» SOURCE MATERIAL:
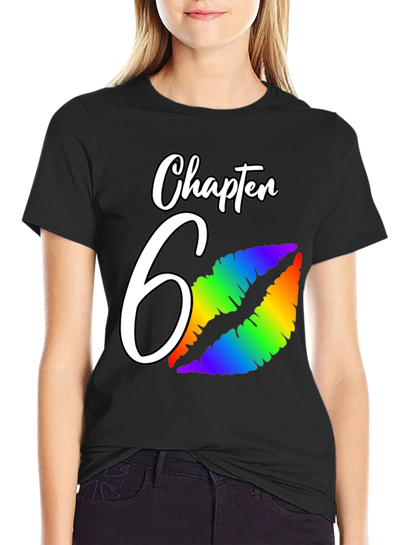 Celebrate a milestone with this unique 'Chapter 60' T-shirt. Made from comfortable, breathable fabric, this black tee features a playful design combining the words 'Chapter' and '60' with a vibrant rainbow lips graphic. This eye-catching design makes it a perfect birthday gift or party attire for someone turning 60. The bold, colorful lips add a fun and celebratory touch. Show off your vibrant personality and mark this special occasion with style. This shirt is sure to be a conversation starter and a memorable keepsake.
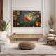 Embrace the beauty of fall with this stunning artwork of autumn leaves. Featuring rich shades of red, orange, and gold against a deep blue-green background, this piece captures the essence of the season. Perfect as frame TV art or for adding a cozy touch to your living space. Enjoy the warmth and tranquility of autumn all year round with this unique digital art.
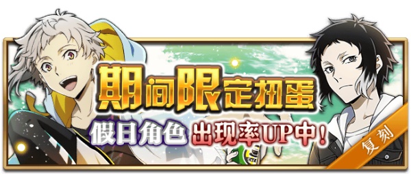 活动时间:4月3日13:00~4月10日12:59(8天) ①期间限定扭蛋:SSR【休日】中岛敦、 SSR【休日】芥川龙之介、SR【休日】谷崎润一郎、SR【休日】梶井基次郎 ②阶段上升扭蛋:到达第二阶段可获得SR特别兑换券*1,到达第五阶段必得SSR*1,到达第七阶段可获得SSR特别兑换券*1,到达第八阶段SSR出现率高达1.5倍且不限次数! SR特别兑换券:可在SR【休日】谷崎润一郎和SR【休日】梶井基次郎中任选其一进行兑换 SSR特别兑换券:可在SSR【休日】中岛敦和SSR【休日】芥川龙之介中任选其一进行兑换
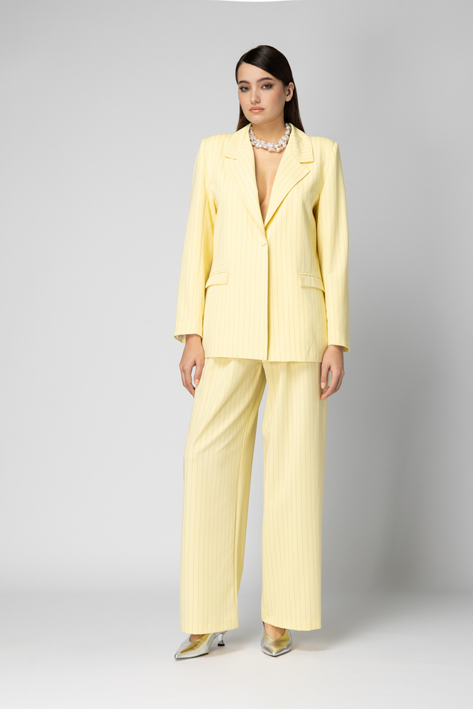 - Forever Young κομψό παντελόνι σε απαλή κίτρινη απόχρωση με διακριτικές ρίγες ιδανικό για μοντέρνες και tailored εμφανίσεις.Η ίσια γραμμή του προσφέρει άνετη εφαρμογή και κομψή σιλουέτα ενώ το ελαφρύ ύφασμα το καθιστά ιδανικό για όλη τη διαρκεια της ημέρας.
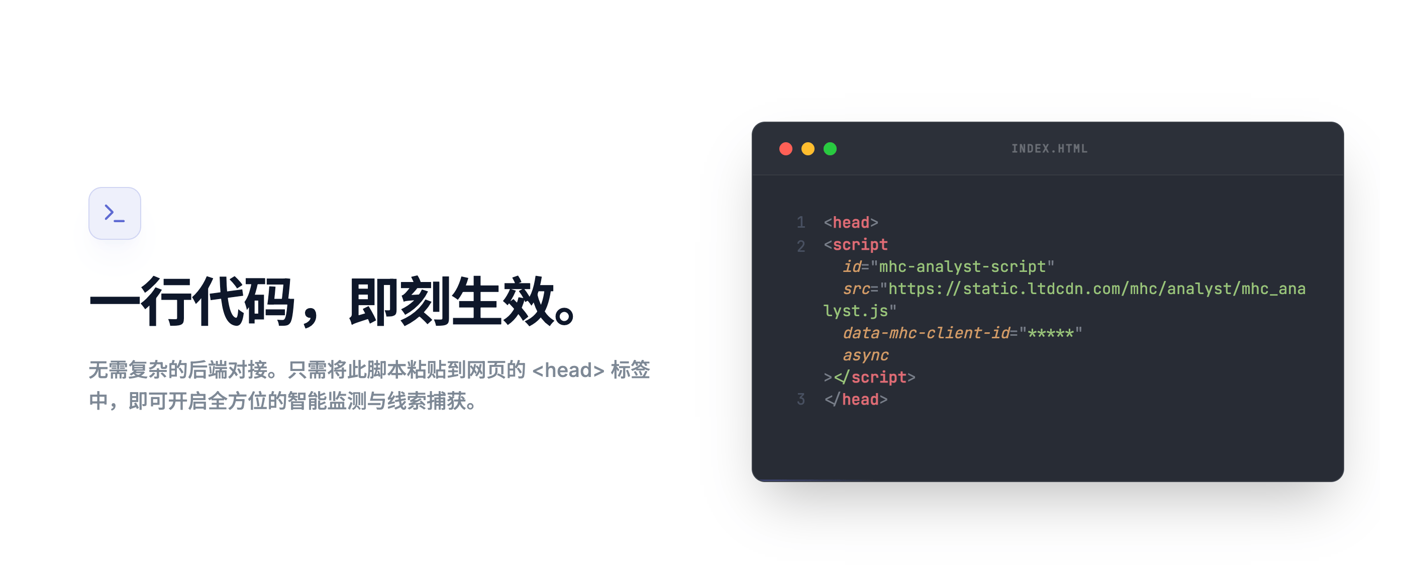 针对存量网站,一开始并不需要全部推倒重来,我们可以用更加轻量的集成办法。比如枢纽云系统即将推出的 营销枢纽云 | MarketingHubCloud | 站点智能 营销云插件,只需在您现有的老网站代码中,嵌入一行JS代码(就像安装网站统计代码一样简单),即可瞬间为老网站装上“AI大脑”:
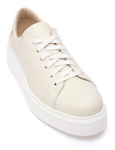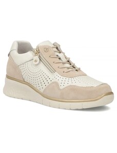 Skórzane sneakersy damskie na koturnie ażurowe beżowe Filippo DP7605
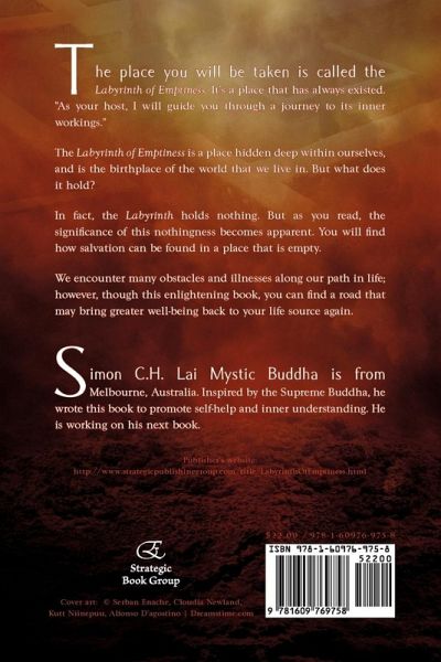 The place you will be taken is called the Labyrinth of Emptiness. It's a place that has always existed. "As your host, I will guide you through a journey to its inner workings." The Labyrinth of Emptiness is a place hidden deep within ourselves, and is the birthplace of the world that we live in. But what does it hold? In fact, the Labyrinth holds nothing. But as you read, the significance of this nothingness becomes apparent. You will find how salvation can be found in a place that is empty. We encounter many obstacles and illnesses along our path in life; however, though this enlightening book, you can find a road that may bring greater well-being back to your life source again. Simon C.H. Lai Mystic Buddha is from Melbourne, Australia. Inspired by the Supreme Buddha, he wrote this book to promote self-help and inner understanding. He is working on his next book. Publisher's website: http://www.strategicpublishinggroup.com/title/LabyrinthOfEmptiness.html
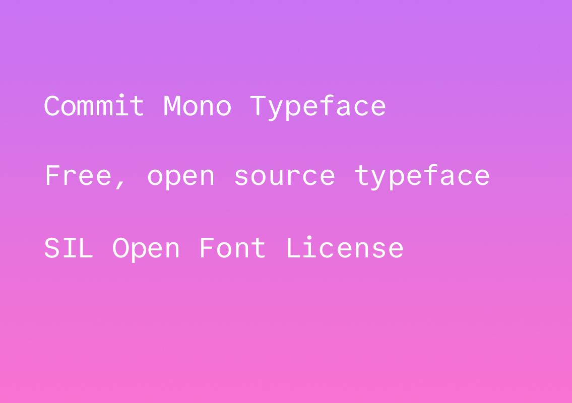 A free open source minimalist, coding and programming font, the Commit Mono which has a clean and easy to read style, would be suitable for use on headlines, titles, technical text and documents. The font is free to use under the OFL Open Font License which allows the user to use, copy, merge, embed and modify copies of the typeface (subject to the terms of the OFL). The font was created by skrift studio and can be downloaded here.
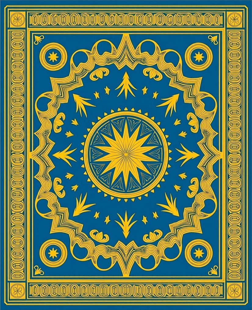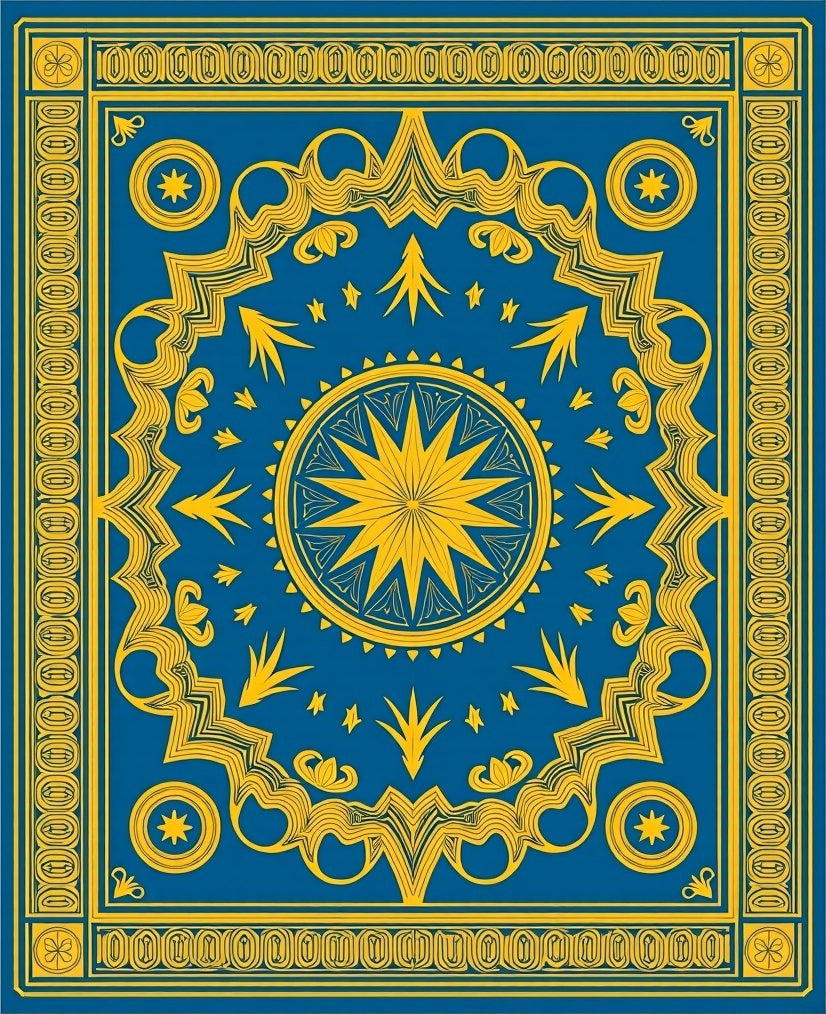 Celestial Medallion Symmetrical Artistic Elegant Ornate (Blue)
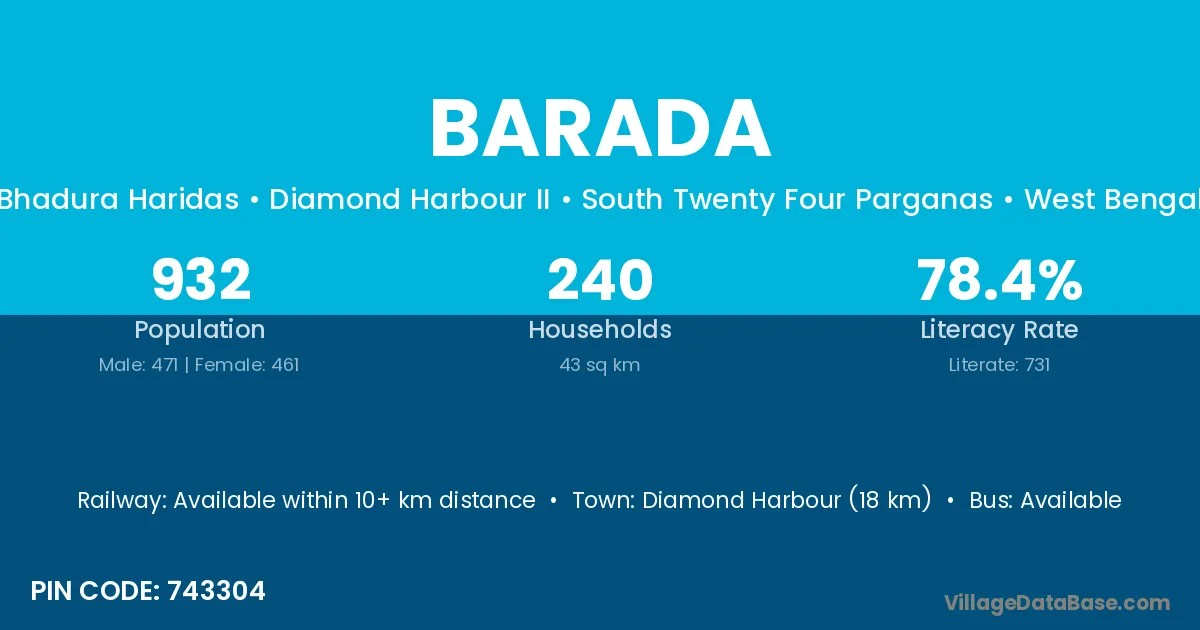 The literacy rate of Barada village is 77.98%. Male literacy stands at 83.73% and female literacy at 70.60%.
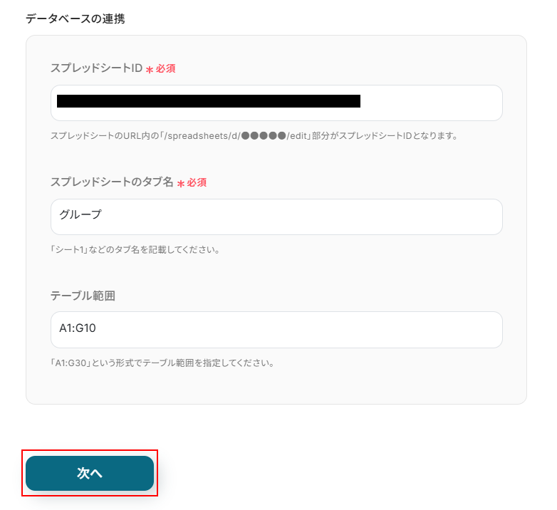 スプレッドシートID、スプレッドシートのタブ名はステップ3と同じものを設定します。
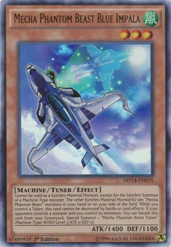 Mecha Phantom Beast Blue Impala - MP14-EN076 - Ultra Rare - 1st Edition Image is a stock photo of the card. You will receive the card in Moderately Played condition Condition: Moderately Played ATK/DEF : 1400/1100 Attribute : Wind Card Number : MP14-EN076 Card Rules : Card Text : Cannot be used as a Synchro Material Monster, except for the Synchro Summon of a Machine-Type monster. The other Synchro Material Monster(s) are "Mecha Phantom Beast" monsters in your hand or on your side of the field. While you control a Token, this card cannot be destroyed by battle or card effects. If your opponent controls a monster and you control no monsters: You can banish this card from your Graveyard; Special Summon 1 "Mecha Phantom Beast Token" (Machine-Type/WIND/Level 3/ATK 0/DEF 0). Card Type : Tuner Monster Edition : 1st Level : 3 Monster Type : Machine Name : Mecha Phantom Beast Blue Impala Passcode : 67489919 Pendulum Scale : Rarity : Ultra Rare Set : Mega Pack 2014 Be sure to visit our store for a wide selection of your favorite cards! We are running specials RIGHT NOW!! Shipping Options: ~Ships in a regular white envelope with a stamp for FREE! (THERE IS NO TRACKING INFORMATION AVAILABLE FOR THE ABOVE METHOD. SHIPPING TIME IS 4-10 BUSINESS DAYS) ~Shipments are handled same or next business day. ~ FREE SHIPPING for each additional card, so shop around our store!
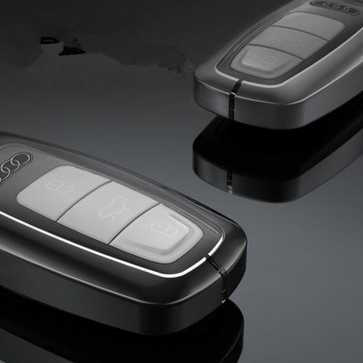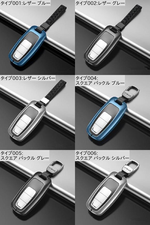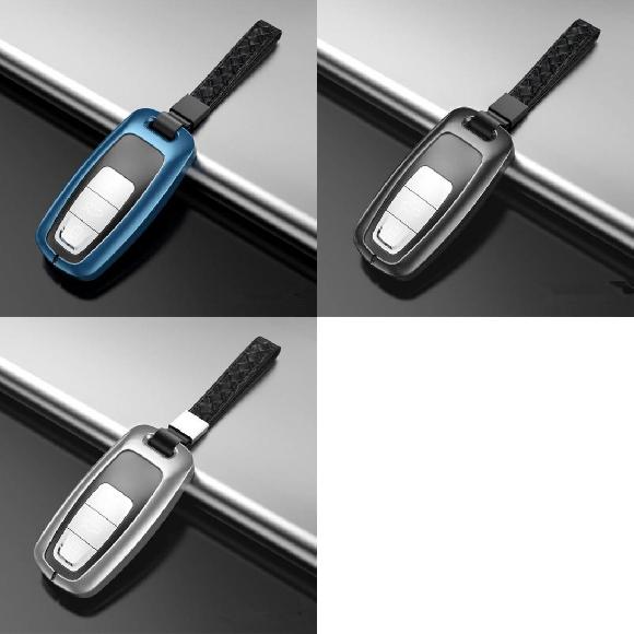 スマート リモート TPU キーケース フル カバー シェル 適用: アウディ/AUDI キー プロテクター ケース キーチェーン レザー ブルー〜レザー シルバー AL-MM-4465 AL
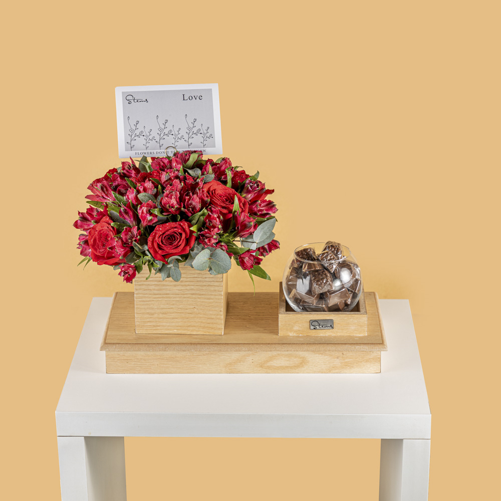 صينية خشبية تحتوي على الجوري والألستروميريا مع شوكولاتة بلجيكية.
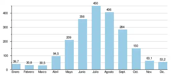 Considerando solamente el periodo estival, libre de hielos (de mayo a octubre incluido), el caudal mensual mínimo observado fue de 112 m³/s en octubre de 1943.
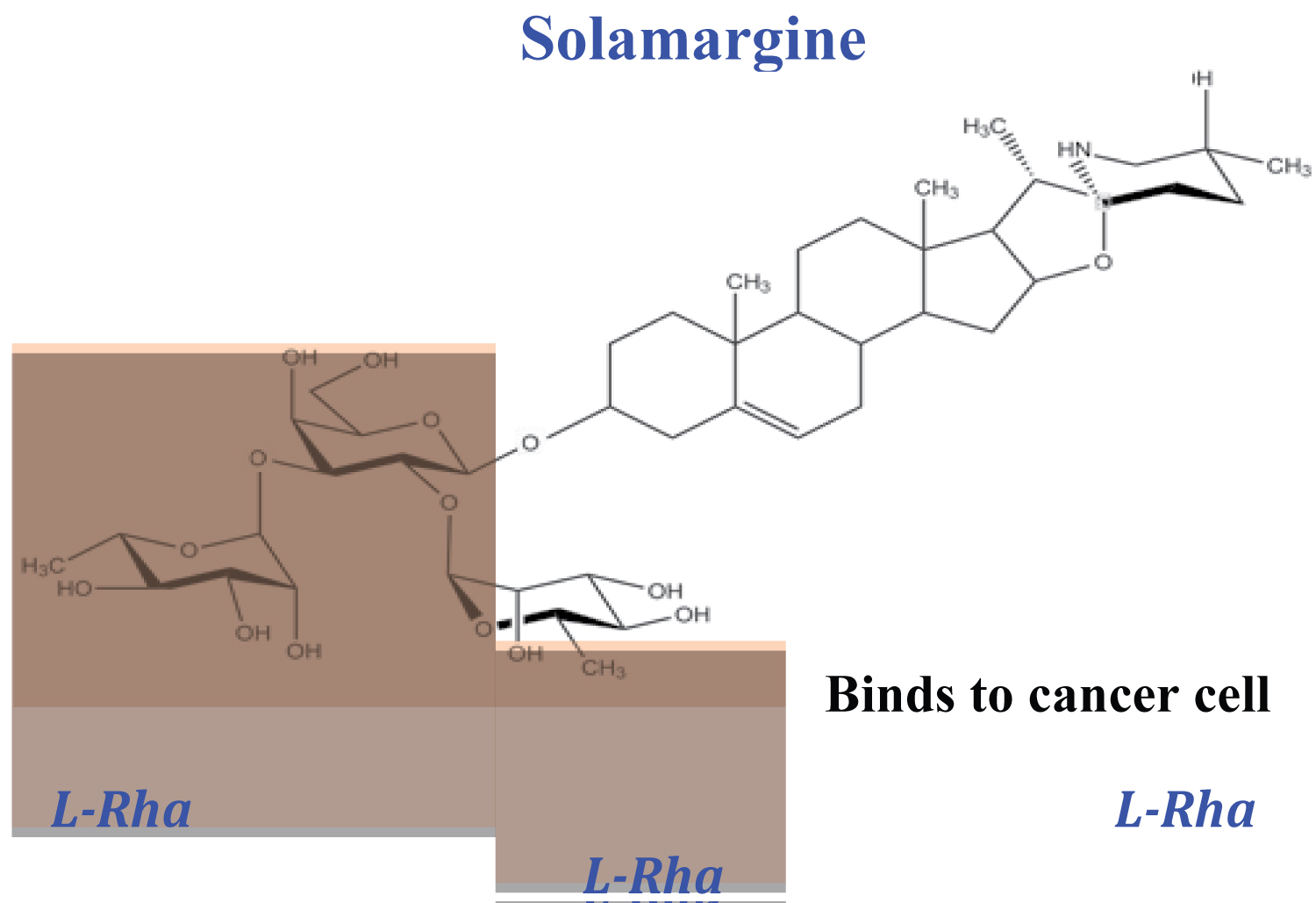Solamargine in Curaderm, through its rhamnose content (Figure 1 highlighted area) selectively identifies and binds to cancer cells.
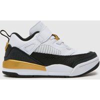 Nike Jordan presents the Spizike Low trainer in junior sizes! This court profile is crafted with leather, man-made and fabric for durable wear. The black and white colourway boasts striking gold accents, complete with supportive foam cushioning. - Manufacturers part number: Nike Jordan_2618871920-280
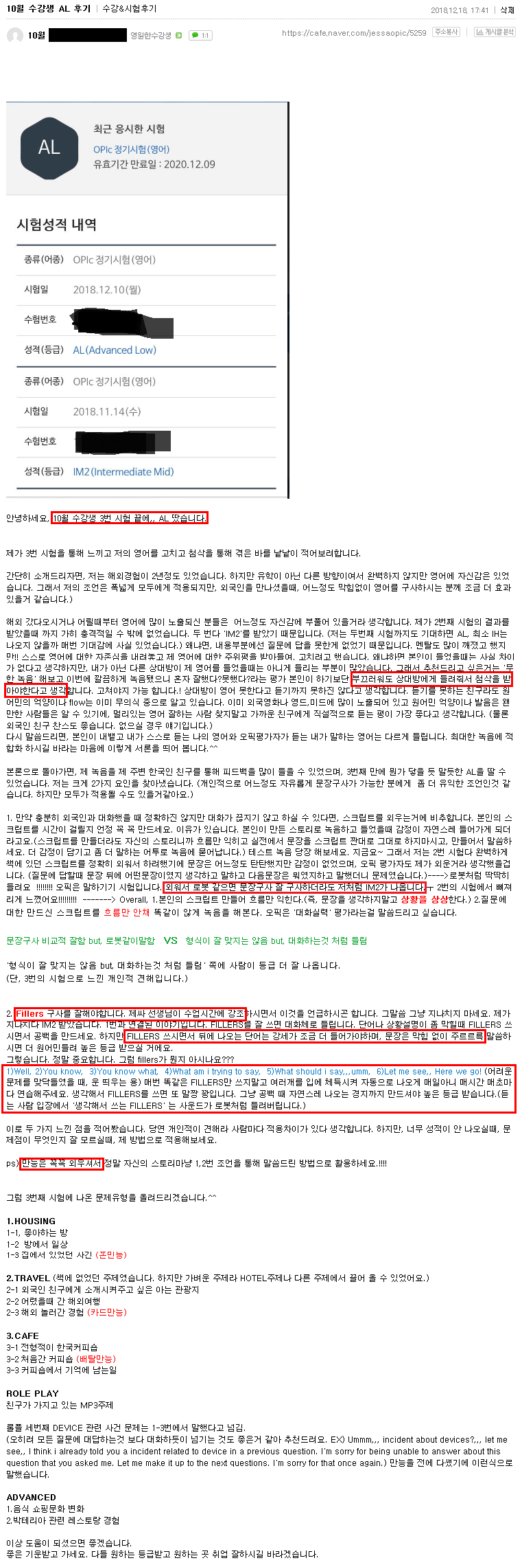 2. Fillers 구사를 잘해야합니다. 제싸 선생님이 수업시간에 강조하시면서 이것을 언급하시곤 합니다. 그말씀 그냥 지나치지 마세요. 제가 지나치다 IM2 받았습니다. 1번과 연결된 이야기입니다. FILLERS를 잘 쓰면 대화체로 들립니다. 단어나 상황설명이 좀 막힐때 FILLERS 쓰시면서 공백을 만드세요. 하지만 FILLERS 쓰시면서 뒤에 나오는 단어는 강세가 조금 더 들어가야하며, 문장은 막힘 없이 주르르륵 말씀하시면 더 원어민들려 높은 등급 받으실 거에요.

» TASK GOAL:
Starting at the line with "- Forever Young" and finishing at the line with "Skórzane sneakersy damskie", copy the material above exactly, both lines included. Nothing else goes in, and no pictures.

» RESPONSE AREA:
 - Forever Young κομψό παντελόνι σε απαλή κίτρινη απόχρωση με διακριτικές ρίγες ιδανικό για μοντέρνες και tailored εμφανίσεις.Η ίσια γραμμή του προσφέρει άνετη εφαρμογή και κομψή σιλουέτα ενώ το ελαφρύ ύφασμα το καθιστά ιδανικό για όλη τη διαρκεια της ημέρας.
 针对存量网站,一开始并不需要全部推倒重来,我们可以用更加轻量的集成办法。比如枢纽云系统即将推出的 营销枢纽云 | MarketingHubCloud | 站点智能 营销云插件,只需在您现有的老网站代码中,嵌入一行JS代码(就像安装网站统计代码一样简单),即可瞬间为老网站装上“AI大脑”:
 Skórzane sneakersy damskie na koturnie ażurowe beżowe Filippo DP7605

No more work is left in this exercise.